__TO DO__. In the material below, find the line with "Ikke kun indenfor"; set down that line and every line after it to the end, exactly, without pictures.

*** Opening STORED DATA ***

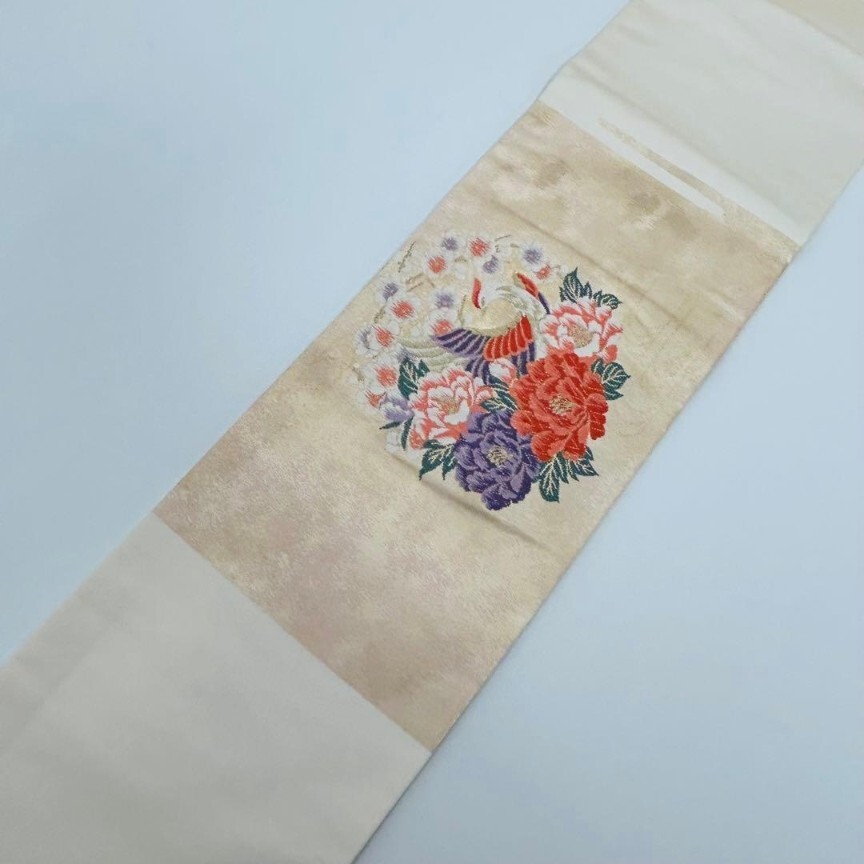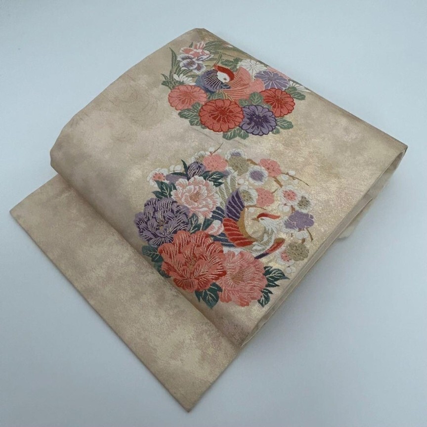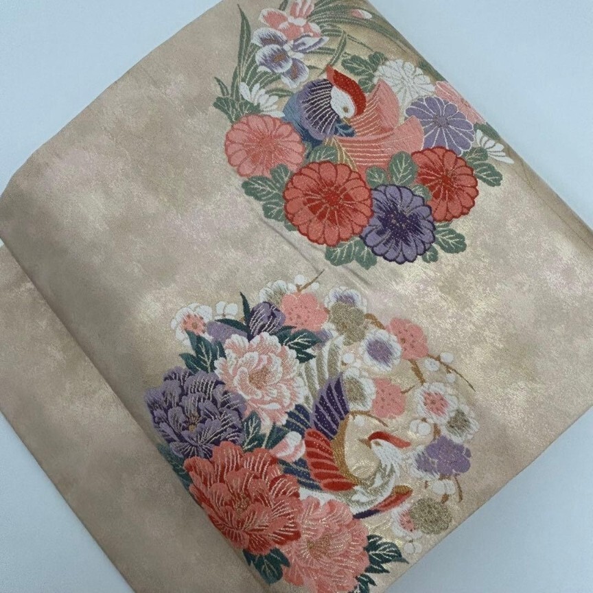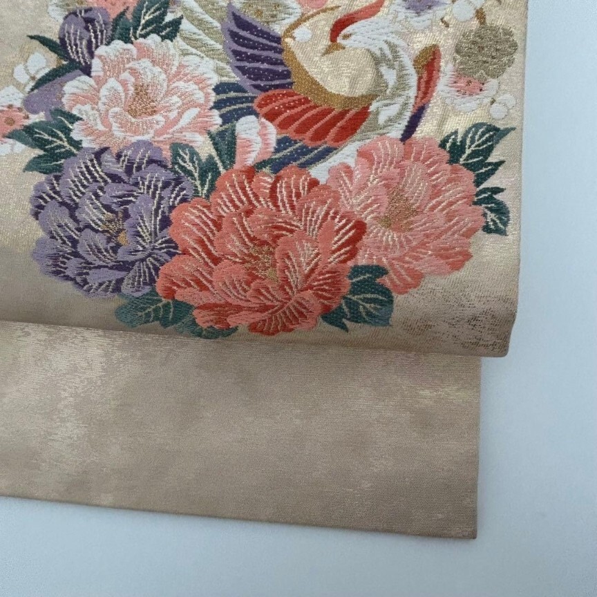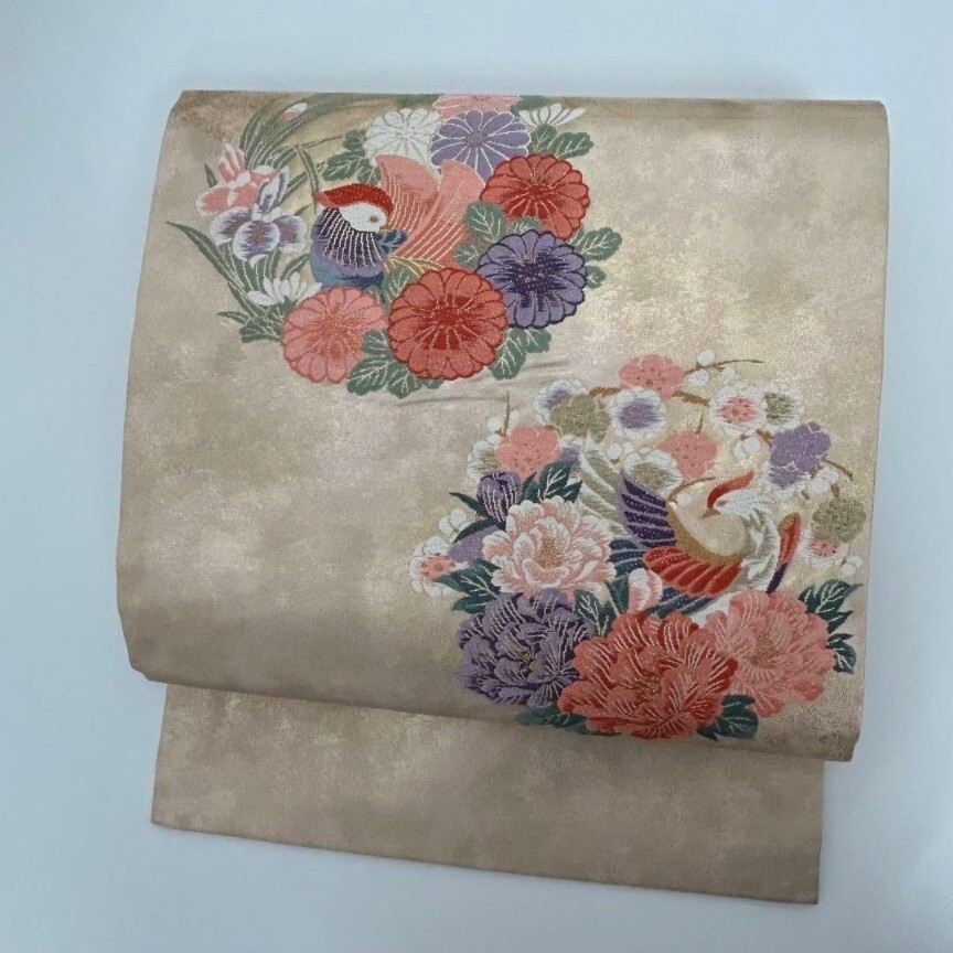 【楓】名古屋帯 唐織 鳥 花柄 引泊 素敵なデザイン 九寸 正絹 KU-7119
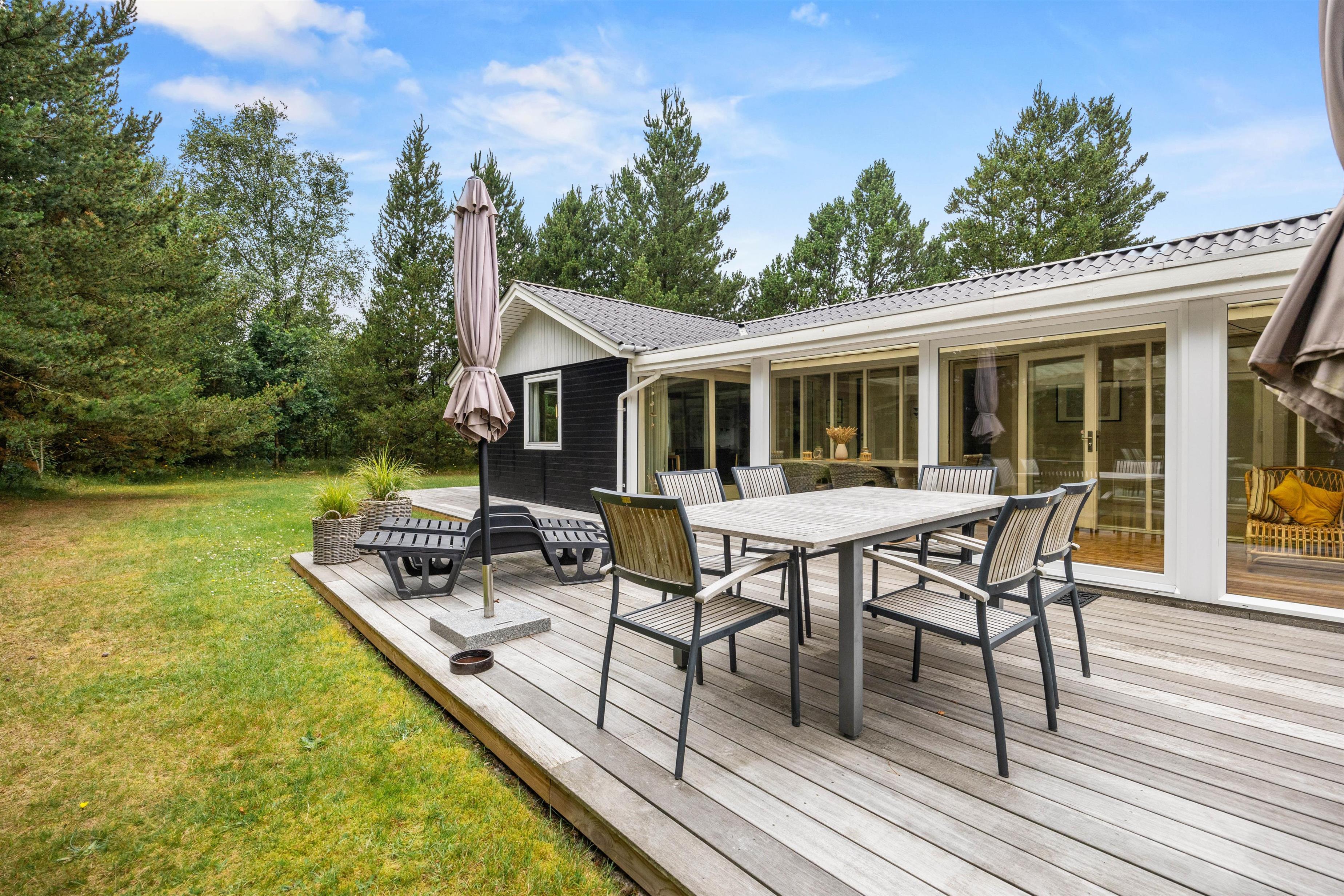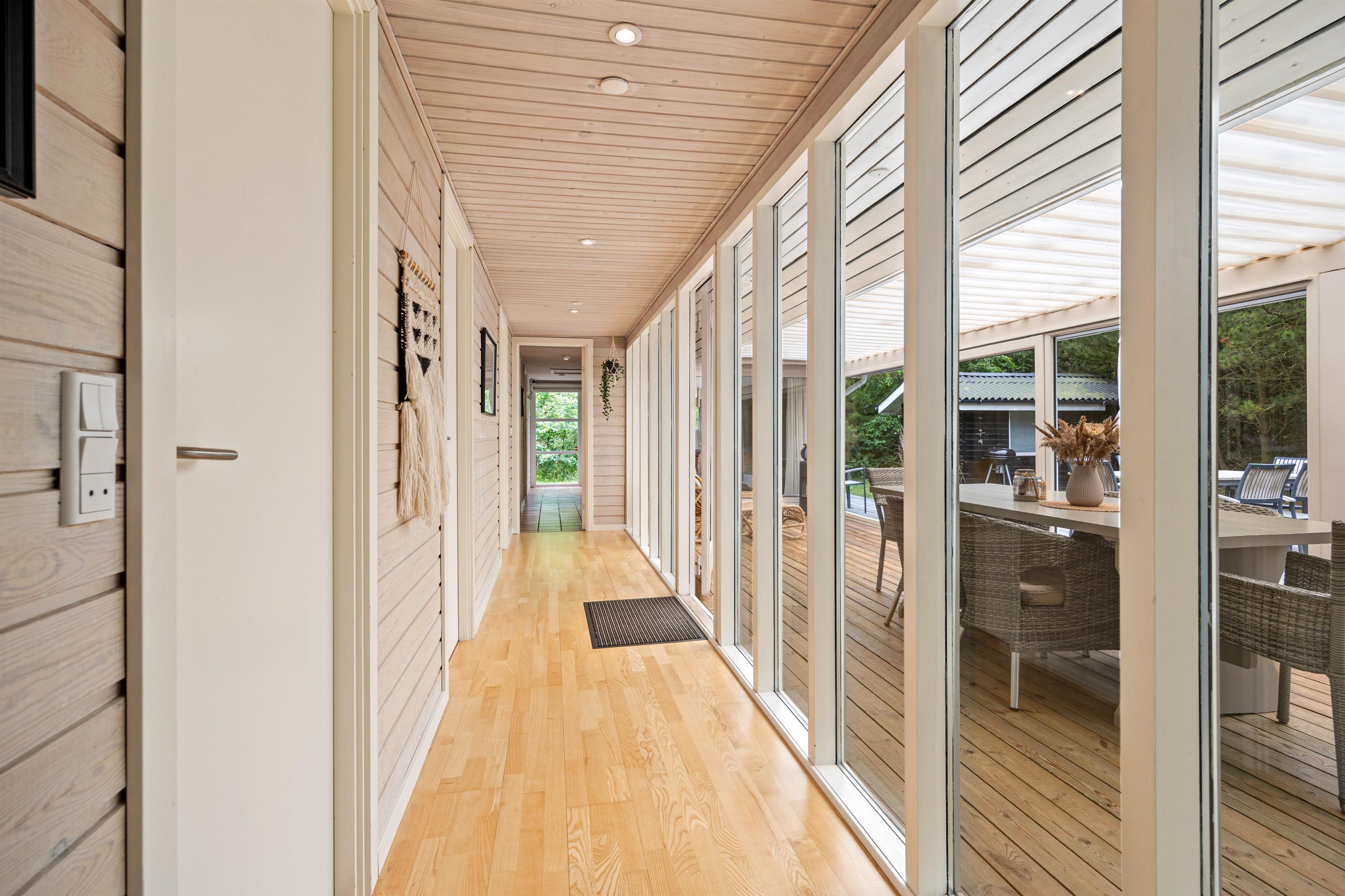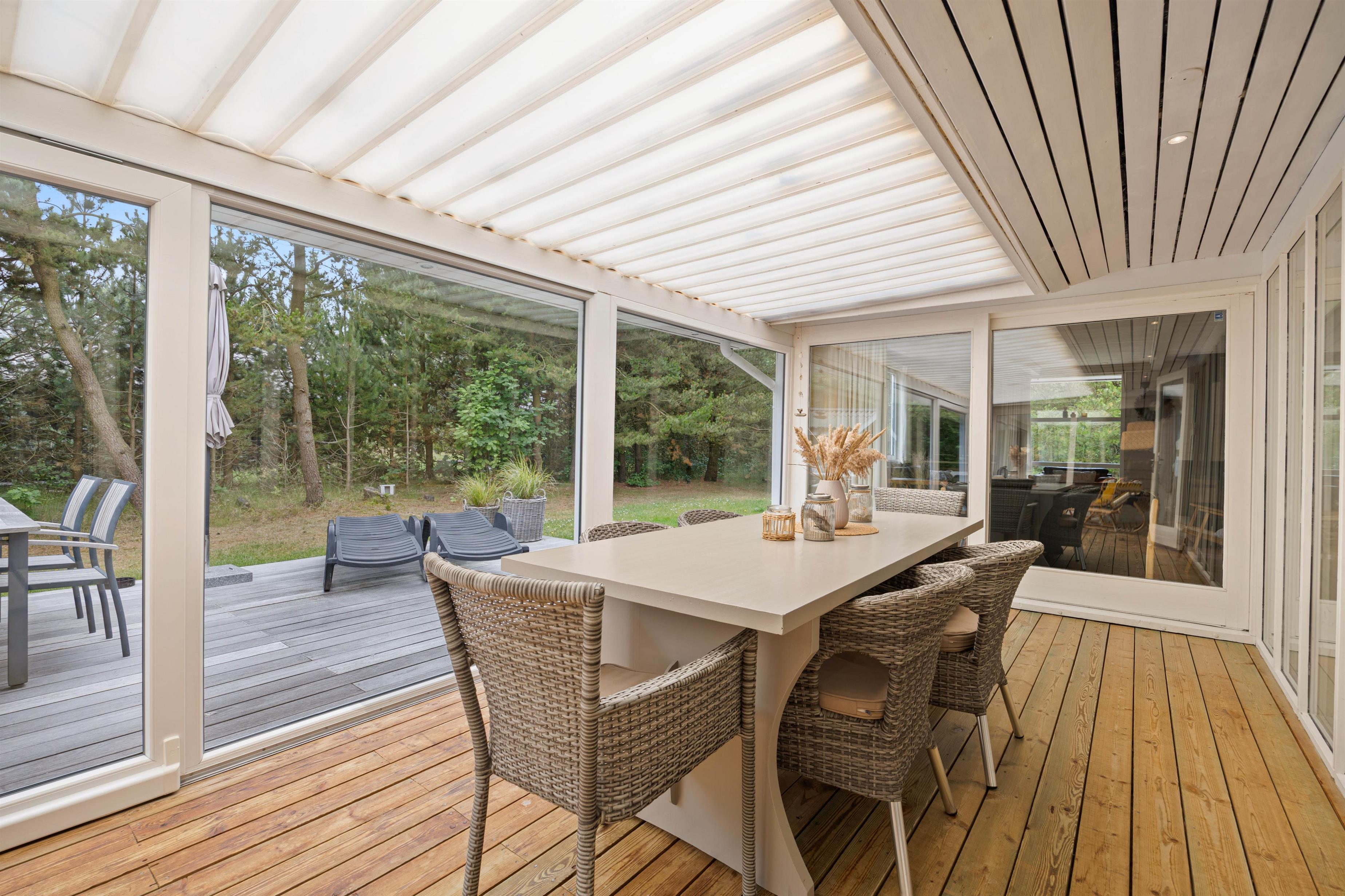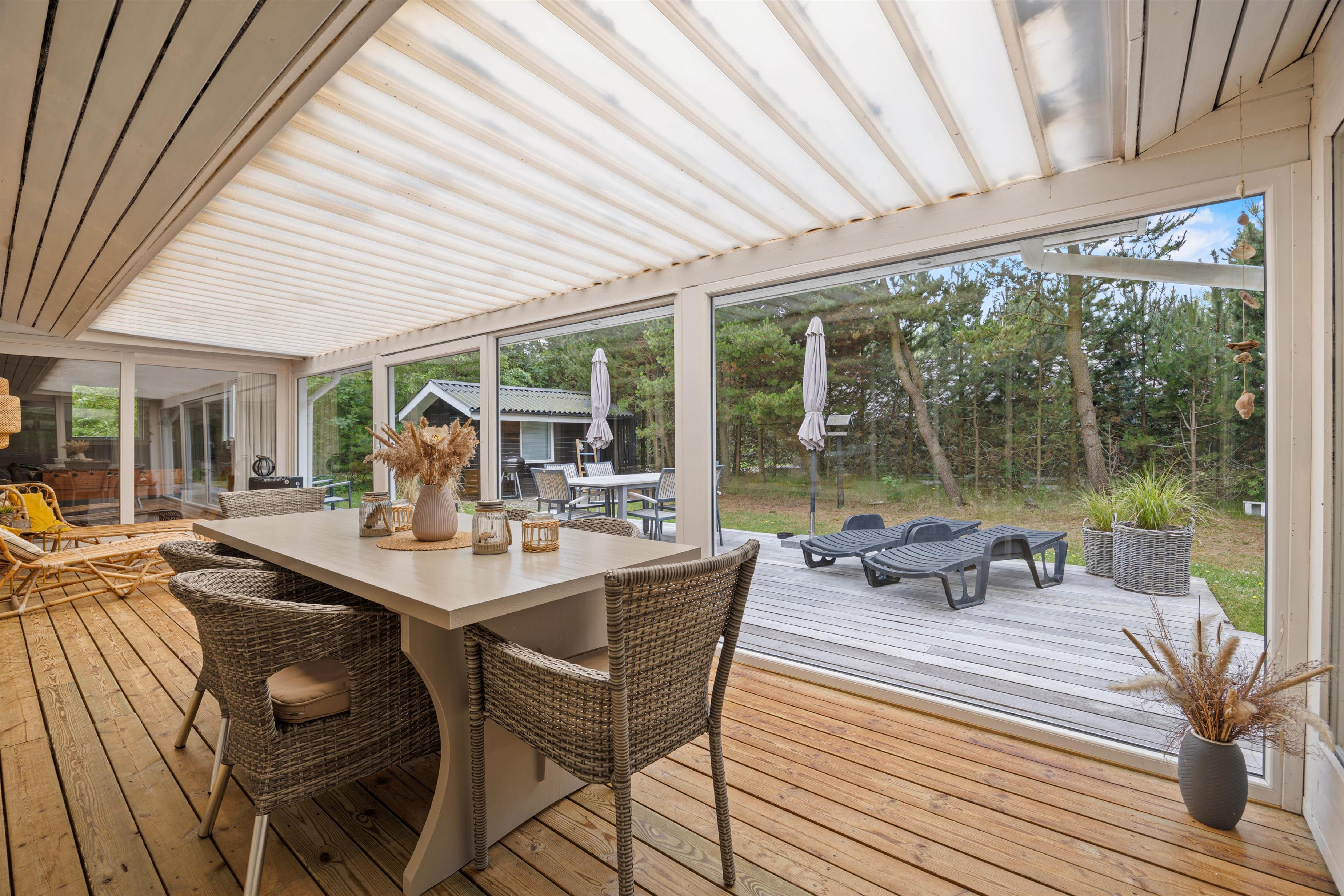 Ikke kun indenfor er huset perfekt til feriehygge. Hele vejen rundt om huset slænger sig en træveranda, så I altid kan finde den perfekte plads i solen. Er vejret lidt drilsk, kan I søge ind i den skønne udestue og derfra nyde lyset og udsigten til naturgrunden, der i øvrigt byder masser af plads til leg for både børn og hund.
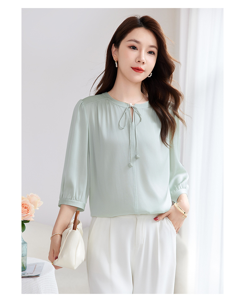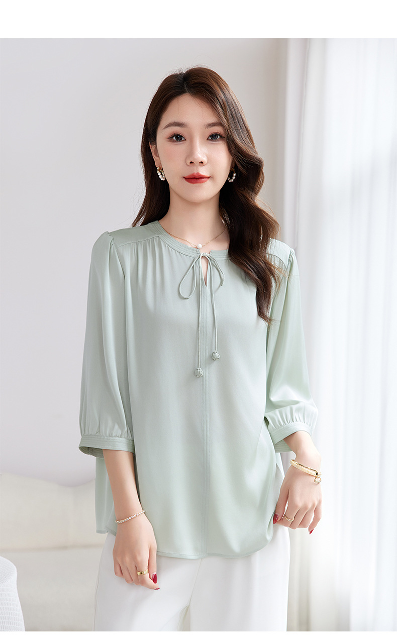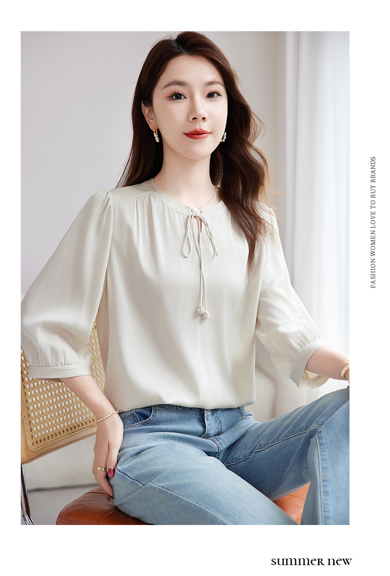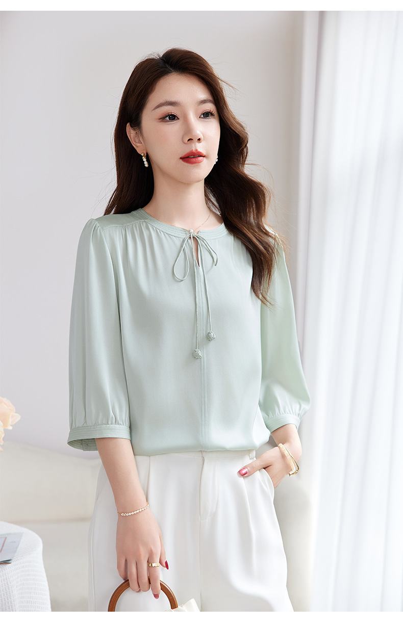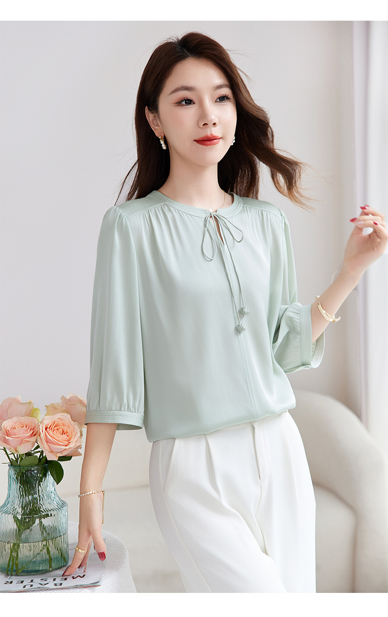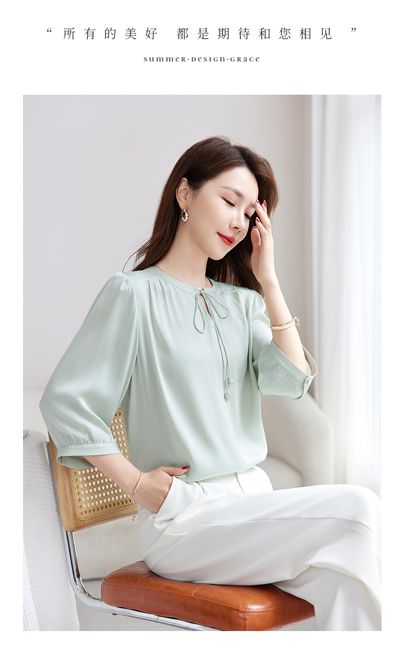QS-12501617【真丝衬衫】夏季新款七分袖上衣时尚洋气桑蚕丝衬衣别致小衫1617

*** Closing STORED DATA ***

__OUTPUT FOR THIS TASK__.
 Ikke kun indenfor er huset perfekt til feriehygge. Hele vejen rundt om huset slænger sig en træveranda, så I altid kan finde den perfekte plads i solen. Er vejret lidt drilsk, kan I søge ind i den skønne udestue og derfra nyde lyset og udsigten til naturgrunden, der i øvrigt byder masser af plads til leg for både børn og hund.
QS-12501617【真丝衬衫】夏季新款七分袖上衣时尚洋气桑蚕丝衬衣别致小衫1617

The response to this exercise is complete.